Маргарита, бесцеремонно перебив разговорившуюся Вальку, все же решилась задать вопрос, который так и крутился у нее на языке:
– Валька, а зачем ты вообще за мной полетела? Думаешь, каждый мой шаг нужно контролировать?
– Ну каждый не каждый… Контроль не повредит! У тебя, знаешь ли, часто ветер в голове гуляет; молодая еще, необстрелянная.
Бабушка незадолго до смерти поручила заботу о Маргарите своим друзьям – валькирии, старику цвергу, шумерской богине врачевания Нининсине, нынче служившей в районной поликлинике участковым терапевтом, и нимфе озер и болот лимнаде, прозванной на Руси кикиморой болотной. Старшее поколение всегда боится, что их наследники, оставшись с жестоким миром один на один, немедленно пропадут. Компания волшебных существ приняла судьбу начинающей чародейки близко к сердцу и теперь пыталась заполнить собой каждую минуту ее жизни.
Маргарите разнообразные намеки на тему «молодая еще, необстрелянная» стали надоедать, хотя относилась она к опекунам с большой любовью.
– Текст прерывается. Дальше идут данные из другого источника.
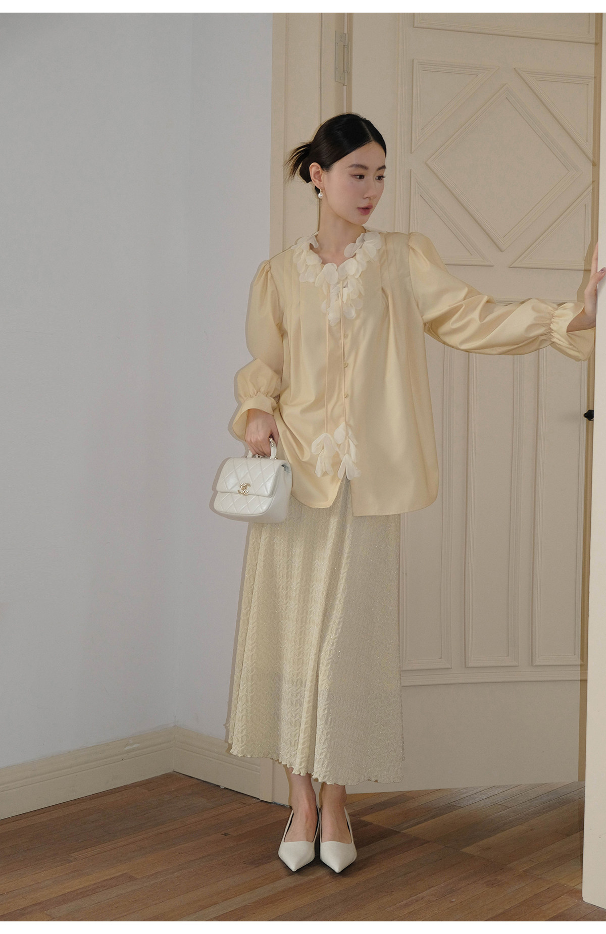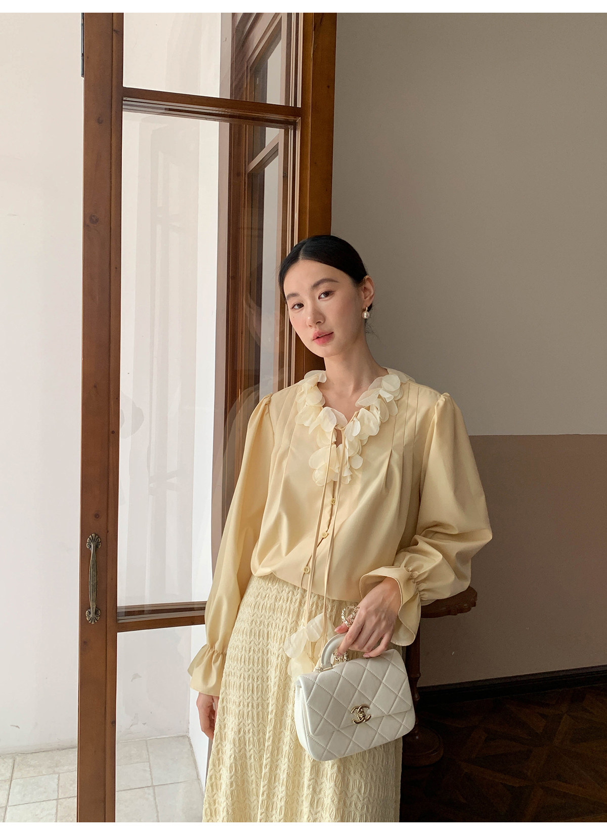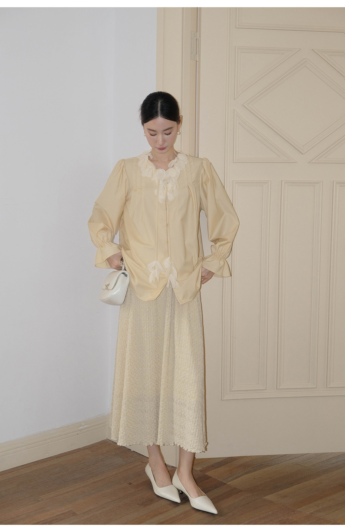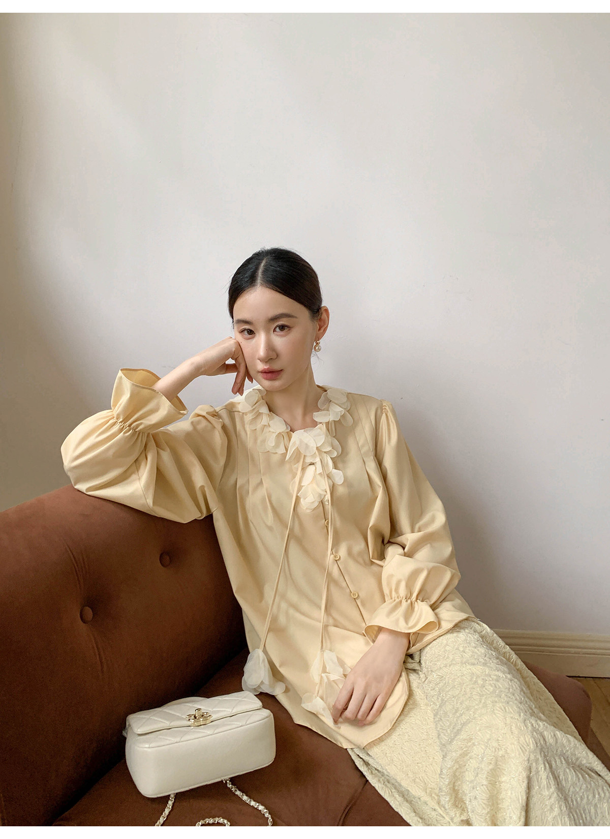 Xxning French Lace Collar Ribbon Pleated Shirt for Women, New Autumn Romantic Design Lantern Sleeve Top

– Между прочим, по обычным человеческим меркам юной особу моих лет не считают, – напомнила она Вальке, – и нечего вечно водить меня за ручку, иначе я так и не стану настоящей ведуньей!
Валька возмутилась:
– И что ты несешь? Сама-то понимаешь? Ты очень молода – тебе, подруга, до тридцатника еще жить и жить, считай – от горшка два вершка, а туда же, спорить лезешь… Как знать, может, с годами твой мозг подрастет, разовьется, тогда и поговорим. Мне вообще помочь-то не в лом и только спокойнее будет, если я тебя до места провожу. Тем более поездочка эта, на мой взгляд, какая-то стремная… Пришлось у командира части попросить небольшой отпуск по семейным обстоятельствам.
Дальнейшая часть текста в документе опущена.